I prefer natural whenever possible. I would suggest reading this, deciding if you want to try a natural way first, or, if you feel strongly that testosterone gel side-effect potential is something you can overlook. Testim is a topical gel designed to increase testosterone levels in men who suffer from Low T low testosterone. Some people believe that testosterone gel is the solution, and others do not.

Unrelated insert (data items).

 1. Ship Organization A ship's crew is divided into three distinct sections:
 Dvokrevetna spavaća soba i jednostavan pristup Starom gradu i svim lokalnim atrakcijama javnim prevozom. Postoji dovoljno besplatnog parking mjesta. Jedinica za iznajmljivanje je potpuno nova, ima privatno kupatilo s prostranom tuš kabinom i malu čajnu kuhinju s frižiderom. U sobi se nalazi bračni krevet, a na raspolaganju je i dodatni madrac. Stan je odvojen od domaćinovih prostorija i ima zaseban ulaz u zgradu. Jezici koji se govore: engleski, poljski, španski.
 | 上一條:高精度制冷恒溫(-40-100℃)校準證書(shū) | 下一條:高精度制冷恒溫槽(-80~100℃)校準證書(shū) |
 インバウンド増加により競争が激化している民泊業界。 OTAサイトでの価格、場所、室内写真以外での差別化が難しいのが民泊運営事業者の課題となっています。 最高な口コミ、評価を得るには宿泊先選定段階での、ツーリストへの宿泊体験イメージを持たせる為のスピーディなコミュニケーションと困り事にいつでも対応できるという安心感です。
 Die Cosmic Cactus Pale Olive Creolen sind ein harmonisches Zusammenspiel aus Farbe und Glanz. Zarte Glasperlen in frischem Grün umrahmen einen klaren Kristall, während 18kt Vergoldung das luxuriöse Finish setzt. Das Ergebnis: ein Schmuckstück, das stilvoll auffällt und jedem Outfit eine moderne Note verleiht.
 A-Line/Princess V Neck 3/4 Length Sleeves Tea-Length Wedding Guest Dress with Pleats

We tend to lean more towards actual testosterone booster supplements as opposed to the gel, however there are still some potential benefits to using topical gel. A good testosterone supplement can potentially stimulate the natural production of testosterone in your body via the ingestion of clinically studied ingredients like Fenugreek , D Aspartic Acid , Zinc , etc. Check out our testosterone booster reviews to learn more.
Testim on the other hand is actual testosterone instead of natural ingredients that lead to testosterone production. For that reason, a lot of people believe it works better. According to user reviews, Testim additionally tends to cause more side effects than natural testosterone supplements. We believe your best bet is going to be a natural testosterone booster instead of going with the actual testosterone gel because the natural supplements could potentially get your body to produce its own testosterone in a completely safe and natural way, which is in our opinion much more preferable over Testim.
As I mentioned before, Testim is really comprised of only one ingredient, which is actual testosterone.